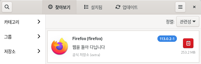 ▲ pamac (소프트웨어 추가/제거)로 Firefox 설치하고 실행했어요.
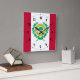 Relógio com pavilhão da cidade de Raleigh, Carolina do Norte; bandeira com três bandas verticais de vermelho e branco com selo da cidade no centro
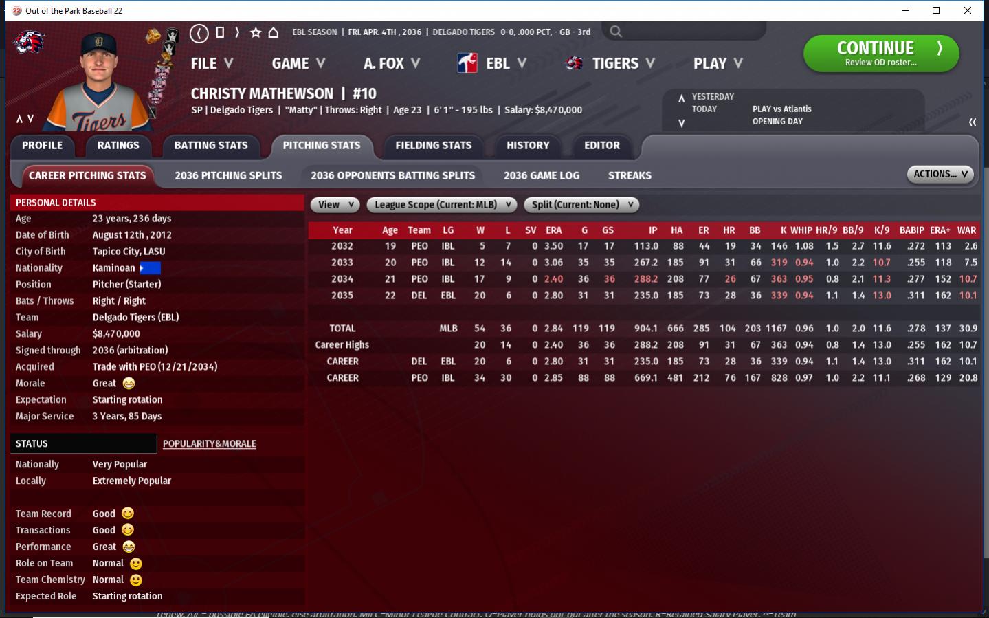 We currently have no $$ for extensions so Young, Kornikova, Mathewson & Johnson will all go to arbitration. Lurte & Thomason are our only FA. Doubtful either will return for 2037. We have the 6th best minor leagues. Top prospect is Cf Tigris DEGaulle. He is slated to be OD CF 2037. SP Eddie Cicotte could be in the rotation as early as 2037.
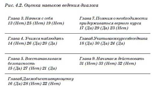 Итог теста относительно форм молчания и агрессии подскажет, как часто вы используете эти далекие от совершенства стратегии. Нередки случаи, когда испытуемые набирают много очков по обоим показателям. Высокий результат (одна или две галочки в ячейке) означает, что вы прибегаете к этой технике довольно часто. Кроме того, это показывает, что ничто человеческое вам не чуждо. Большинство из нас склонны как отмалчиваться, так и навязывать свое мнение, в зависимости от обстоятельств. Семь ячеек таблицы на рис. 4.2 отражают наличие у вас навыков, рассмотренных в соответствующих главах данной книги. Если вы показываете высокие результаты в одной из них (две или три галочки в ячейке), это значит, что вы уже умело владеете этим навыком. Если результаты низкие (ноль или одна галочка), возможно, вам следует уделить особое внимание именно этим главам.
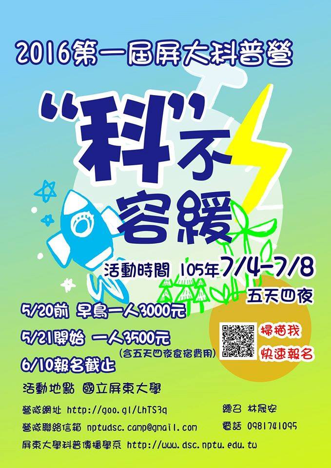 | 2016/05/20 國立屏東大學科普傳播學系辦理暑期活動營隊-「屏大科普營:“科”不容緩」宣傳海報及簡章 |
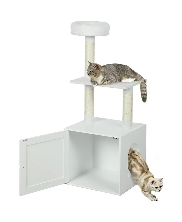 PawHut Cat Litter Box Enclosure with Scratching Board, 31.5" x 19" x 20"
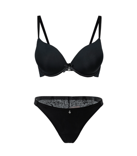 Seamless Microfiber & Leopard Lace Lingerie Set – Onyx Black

----------------------------------------

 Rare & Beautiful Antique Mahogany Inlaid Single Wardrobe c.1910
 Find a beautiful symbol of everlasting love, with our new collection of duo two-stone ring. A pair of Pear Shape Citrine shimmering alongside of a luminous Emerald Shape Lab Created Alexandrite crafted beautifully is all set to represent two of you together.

----------------------------------------

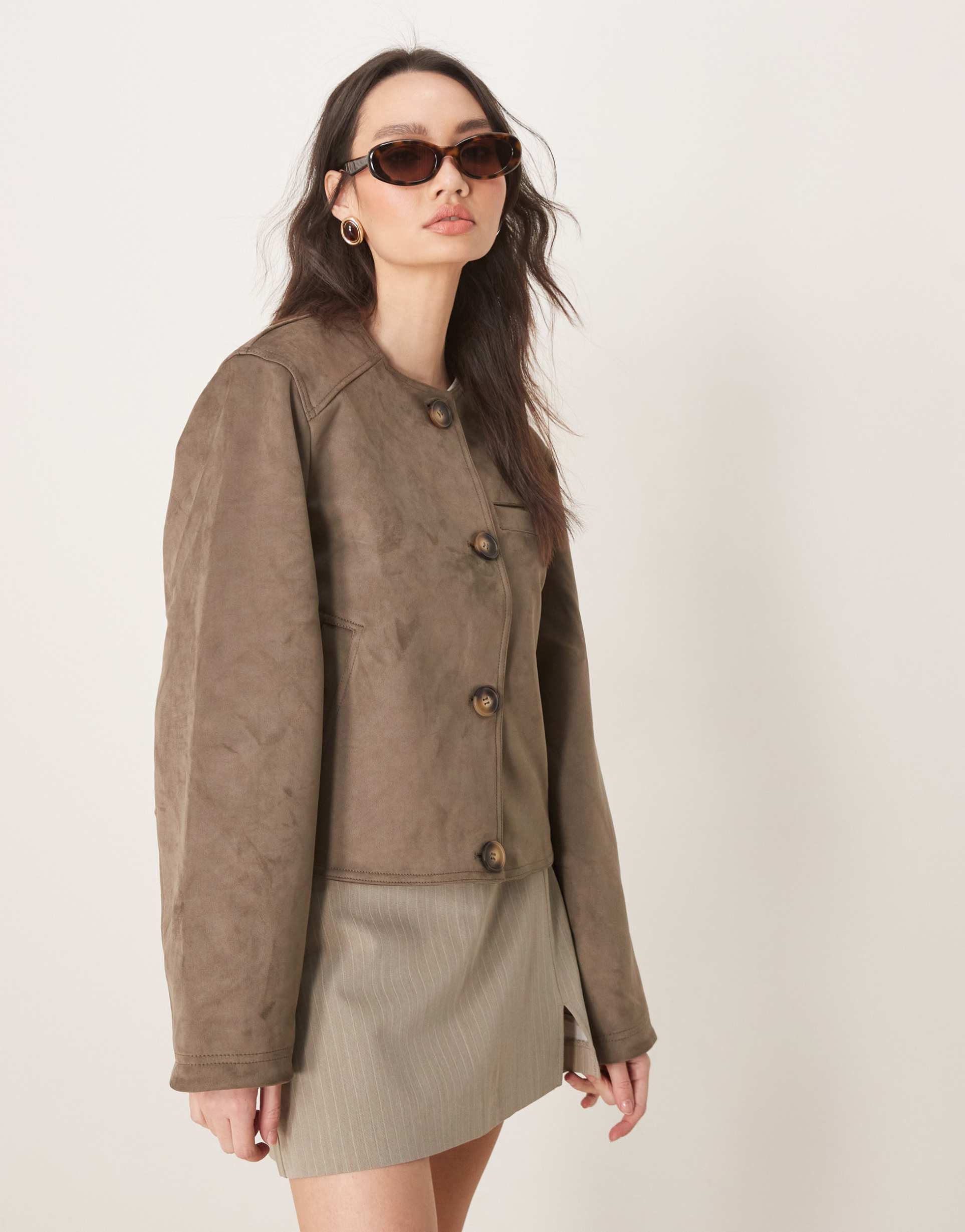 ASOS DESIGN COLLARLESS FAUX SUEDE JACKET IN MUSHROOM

----------------------------------------

— What you need to do —
Your answer must be everything above from the line with "Firefox 설치하고 실행했어요." down to the line with "We currently have", word for word, and no pictures.

— Response to the exercise —
 ▲ pamac (소프트웨어 추가/제거)로 Firefox 설치하고 실행했어요.
 Relógio com pavilhão da cidade de Raleigh, Carolina do Norte; bandeira com três bandas verticais de vermelho e branco com selo da cidade no centro
 We currently have no $$ for extensions so Young, Kornikova, Mathewson & Johnson will all go to arbitration. Lurte & Thomason are our only FA. Doubtful either will return for 2037. We have the 6th best minor leagues. Top prospect is Cf Tigris DEGaulle. He is slated to be OD CF 2037. SP Eddie Cicotte could be in the rotation as early as 2037.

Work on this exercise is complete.